You can imagine his surprise when the aunt comes downstairs, and quite soon in their conversation looks toward the window and says, “Ah, here they come now.”

I cannot spoil the surprise, but I am quite delighted by the unreliable narrator(s)  and thrilled to have read this piece.

It was Jess of Book Ideas who told me about “The Open Window”, a story of only four pages which you can read online here.

Paris For One by JoJo Moyes, a short story to start the year

Jay at Bibliophilopolis has sponsored a short story event called Deal Me In for several years. I have haphazardly dipped in and out of this challenge because I do not normally read many short stories. Yet, their power is not to be underestimated; in fact, it seems a perfect way to spend a Sunday afternoon: reading something brief but powerful before the work week starts.

I have begun with a short story from JoJo Moyes’ collection, Paris for One. There are nine stories in this book with the following titles:

  1. Paris For One
  2. Between The Tweets
  3. Love in the Afternoon
  4. A Bird in the Hand
  5. Crocodile Shoes
  6. Holdups
  7. Last Year’s Coat
  8. Thirteen Days with John C
  9. The Christmas List

“Paris for One”, the first story, is about Nell, who unexpectedly ends up in Paris alone after her boyfriend has essentially abandoned her. She is a person who likes to be in control of her life, planning each detail to the smallest minutiae, and so this unexpected event could have thrown her into a panic. But, when she finds two tickets to a sold out performance, she decides to go and abruptly changes the course of her weekend and her life.

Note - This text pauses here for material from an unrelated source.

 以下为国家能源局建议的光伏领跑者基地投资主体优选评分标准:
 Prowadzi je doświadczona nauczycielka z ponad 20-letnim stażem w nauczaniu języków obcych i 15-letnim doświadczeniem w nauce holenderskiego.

This was a simple story, but a charming one, written in JoJo’s inimitable, comfortable style. I will enjoy reading the others in this collection for Jay’s challenge.

And you? Do you have any favorite short stories?

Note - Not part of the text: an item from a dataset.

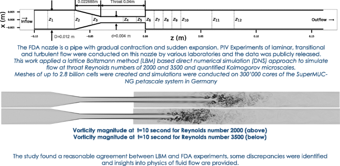 Simulations were conducted with three different spatial and temporal resolutions in order to explore the capabilities of an off the shelf LBM on a desktop machine to a federal supercomputer. Based on previous observations on resolution requirements in LBM simulations of transitional flow [14], a spatial resolution of about 80μm was predicted as a minimum requirement for simulation of Reth = 2000 and accurate analysis of flow characteristics thereof. This resolution resulted in \(\sim 45\) million lattice sites representing fluid inside the nozzle and 50 lattice cells across the height of the nozzle throat. This is referred to as normal resolution (NR) hereon. For Reth = 3500 however, the flow was expected to transition and a high resolution (HR) of 40μm was thus chosen, which resulted in about 357 million lattice cells. As would be seen in Section 3, HR resolution sufficed for accurate flow simulations for both the Reynolds numbers. To further ensure mesh independence, assess the flow in accordance with Kolmogorov theory, and especially because it was not known whether LBM simulations will transition to turbulence, an additional set of simulations were conducted with an extreme resolution (XR) of 20μm resulting in about 2.88 billion lattice cells in the fluid domain.

The Black Cat by Edgar Allen Poe

black-catimage

Who but Edgar could take the lovely feline found in so many cozy homes and turn it into a thing of horror? The narrator of  this story relates how he and his wife had several pets (birds, gold-fish, a fine dog, rabbits, a small monkey) but the most beautiful and sagacious was a cat.

This cat, named Pluto, was our narrator’s favorite pet and play-mate. Yet through great intemperance, he seizes it one night and cuts its eye out of the socket. As you can well imagine, the cat avoids him after this, but is unable to avoid its ultimate demise at the hands of its owner who hangs the cat in a nearby garden.

In the middle of the night he and his wife are awakened by a terrible fire. Their home is burned completely, yet the neighbors are entranced by the one remaining wall, the one on which the bedstead rested, which bears the image of a cat upon its freshly laid plaster.

Although the narrator procures a second cat of black, with a white patch ever more resembling the gallows in his mind, there is no rest from the evil which now seems to be taking over. Even the wife is not spared her husband’s guilty wrath, or the influence of a creature out for revenge, whichever way the reader intends to interpret the story. How easy it would be to place the blame of one’s evil actions on an innocent creature, when they can only be placed squarely on our own imperfect nature.

Still, when the leaves turn their edges into golden crispness, and the dusk falls sooner than it did a few weeks ago, it is somehow pleasant to think of black cats…to wonder that if they are wronged, they will somehow cause the truth to prevail.